◆ **Information shown**
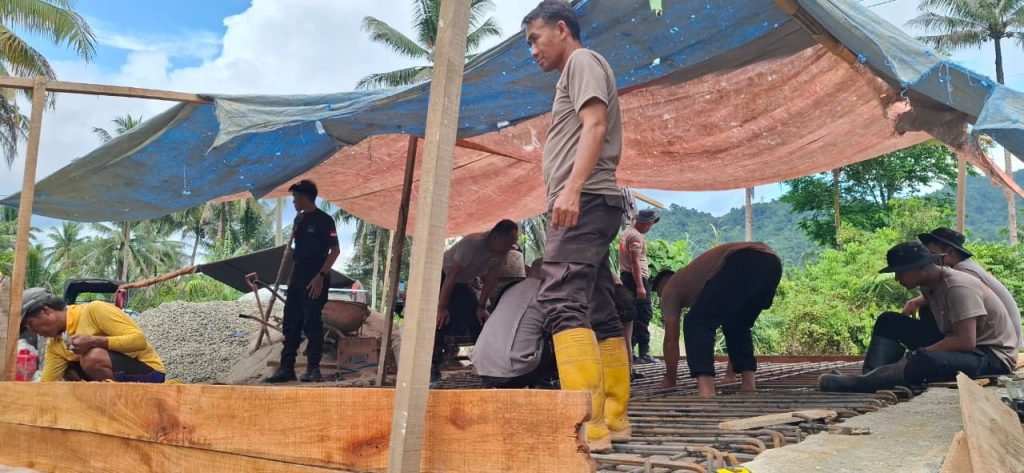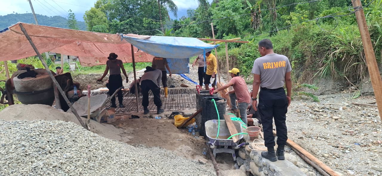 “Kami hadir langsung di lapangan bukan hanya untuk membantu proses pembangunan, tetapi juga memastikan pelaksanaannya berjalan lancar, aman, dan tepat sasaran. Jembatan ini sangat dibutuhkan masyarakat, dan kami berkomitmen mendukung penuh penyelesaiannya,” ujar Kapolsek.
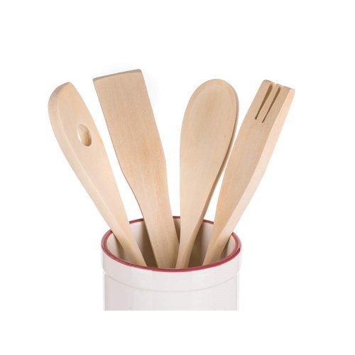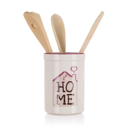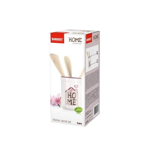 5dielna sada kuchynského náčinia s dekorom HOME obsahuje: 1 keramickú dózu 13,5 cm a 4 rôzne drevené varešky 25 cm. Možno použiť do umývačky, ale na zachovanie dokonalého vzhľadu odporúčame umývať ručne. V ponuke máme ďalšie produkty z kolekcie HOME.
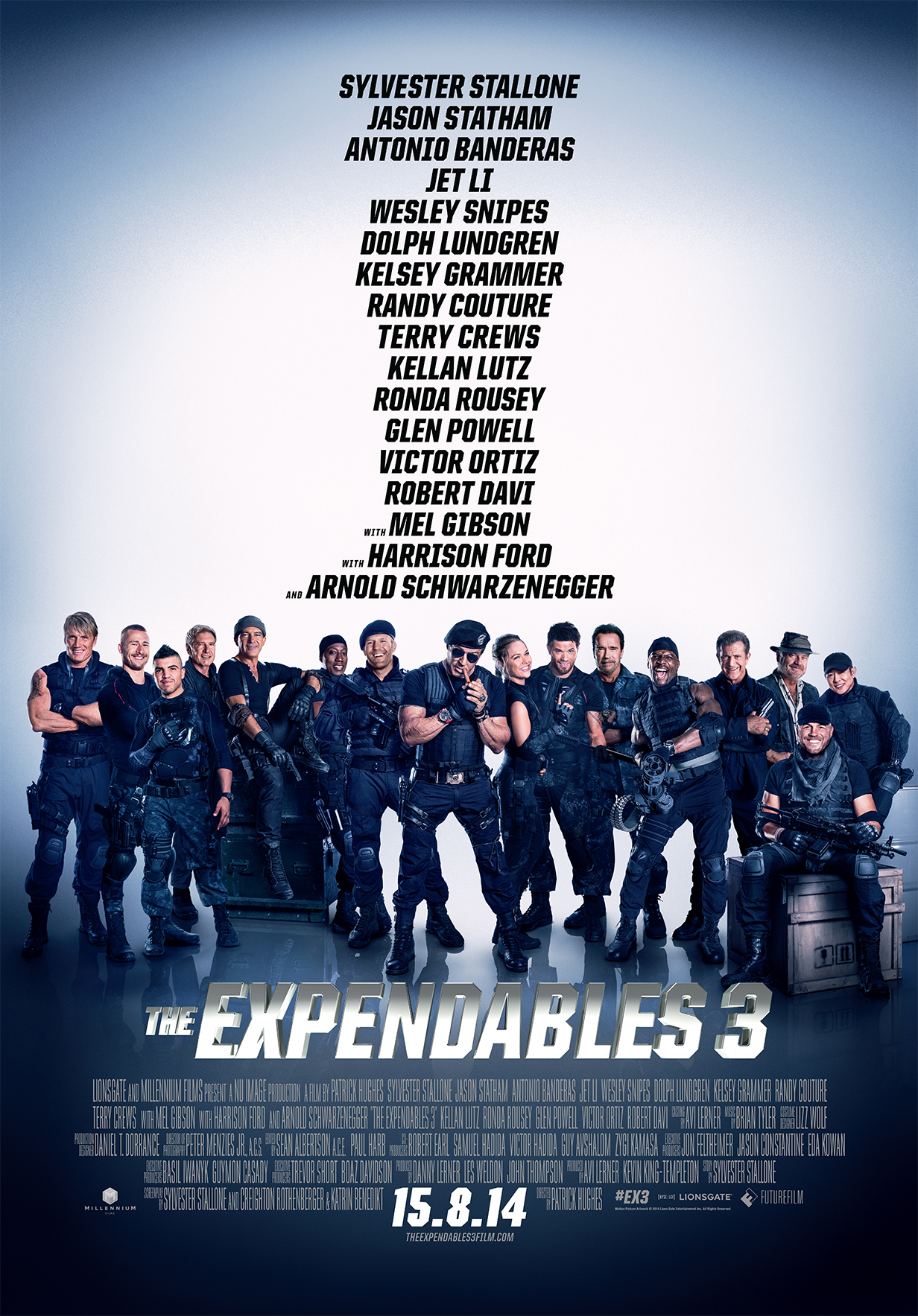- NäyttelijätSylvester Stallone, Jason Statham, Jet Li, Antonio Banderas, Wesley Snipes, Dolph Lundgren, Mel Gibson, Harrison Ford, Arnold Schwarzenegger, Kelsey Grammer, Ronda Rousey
---
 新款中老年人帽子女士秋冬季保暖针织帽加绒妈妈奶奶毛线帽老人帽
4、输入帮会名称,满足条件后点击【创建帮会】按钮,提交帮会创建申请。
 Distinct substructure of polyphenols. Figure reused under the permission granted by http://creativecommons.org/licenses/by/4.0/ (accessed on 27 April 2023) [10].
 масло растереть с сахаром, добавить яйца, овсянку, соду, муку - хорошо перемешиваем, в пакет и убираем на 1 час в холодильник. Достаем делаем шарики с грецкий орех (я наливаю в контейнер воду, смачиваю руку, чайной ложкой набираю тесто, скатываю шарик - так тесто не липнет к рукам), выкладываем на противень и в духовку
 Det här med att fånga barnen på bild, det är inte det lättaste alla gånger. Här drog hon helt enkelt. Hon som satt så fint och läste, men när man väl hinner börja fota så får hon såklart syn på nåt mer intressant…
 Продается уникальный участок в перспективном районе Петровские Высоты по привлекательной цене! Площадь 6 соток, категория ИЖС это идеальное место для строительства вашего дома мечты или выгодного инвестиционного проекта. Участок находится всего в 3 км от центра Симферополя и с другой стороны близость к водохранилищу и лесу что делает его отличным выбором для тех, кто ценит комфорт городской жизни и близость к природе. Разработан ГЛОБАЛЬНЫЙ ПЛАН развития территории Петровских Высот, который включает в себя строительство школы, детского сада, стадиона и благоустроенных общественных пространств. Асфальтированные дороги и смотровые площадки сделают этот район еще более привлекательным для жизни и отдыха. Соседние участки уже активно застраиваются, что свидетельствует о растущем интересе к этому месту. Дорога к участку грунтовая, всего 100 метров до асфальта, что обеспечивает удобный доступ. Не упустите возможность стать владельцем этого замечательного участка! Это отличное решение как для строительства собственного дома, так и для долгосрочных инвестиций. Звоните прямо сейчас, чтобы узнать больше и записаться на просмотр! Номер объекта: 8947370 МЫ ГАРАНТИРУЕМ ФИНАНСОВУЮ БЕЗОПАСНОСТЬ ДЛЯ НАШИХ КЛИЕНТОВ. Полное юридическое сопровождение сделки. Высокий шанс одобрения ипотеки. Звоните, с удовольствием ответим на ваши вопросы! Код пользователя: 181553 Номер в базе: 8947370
==
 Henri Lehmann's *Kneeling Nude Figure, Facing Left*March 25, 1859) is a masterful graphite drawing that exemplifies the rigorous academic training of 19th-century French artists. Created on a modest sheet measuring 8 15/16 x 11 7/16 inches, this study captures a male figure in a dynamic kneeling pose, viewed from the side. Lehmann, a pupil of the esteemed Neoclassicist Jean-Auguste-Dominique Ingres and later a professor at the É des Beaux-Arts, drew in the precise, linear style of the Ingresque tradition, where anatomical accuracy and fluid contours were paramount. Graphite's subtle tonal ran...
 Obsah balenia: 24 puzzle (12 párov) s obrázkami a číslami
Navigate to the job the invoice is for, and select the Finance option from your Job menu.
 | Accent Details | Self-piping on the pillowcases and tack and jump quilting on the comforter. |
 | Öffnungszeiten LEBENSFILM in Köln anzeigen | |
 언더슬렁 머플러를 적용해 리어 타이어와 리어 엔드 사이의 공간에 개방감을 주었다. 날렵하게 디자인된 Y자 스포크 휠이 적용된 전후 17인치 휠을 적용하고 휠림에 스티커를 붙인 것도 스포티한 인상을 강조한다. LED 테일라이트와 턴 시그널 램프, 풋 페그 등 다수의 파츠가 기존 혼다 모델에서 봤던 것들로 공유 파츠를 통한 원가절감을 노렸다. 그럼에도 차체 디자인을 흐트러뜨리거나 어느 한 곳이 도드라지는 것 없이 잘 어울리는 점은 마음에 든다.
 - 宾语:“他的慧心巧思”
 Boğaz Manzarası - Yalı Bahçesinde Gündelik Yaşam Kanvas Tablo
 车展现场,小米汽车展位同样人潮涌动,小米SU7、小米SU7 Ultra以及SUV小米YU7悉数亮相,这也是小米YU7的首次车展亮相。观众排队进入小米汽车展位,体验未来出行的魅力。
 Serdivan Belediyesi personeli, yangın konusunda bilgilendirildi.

◆ **Problem to solve**
Search the material above for the word "from", and return each line that holds it.

◆ **Solution to this problem**
 Henri Lehmann's *Kneeling Nude Figure, Facing Left*March 25, 1859) is a masterful graphite drawing that exemplifies the rigorous academic training of 19th-century French artists. Created on a modest sheet measuring 8 15/16 x 11 7/16 inches, this study captures a male figure in a dynamic kneeling pose, viewed from the side. Lehmann, a pupil of the esteemed Neoclassicist Jean-Auguste-Dominique Ingres and later a professor at the É des Beaux-Arts, drew in the precise, linear style of the Ingresque tradition, where anatomical accuracy and fluid contours were paramount. Graphite's subtle tonal ran...
Navigate to the job the invoice is for, and select the Finance option from your Job menu.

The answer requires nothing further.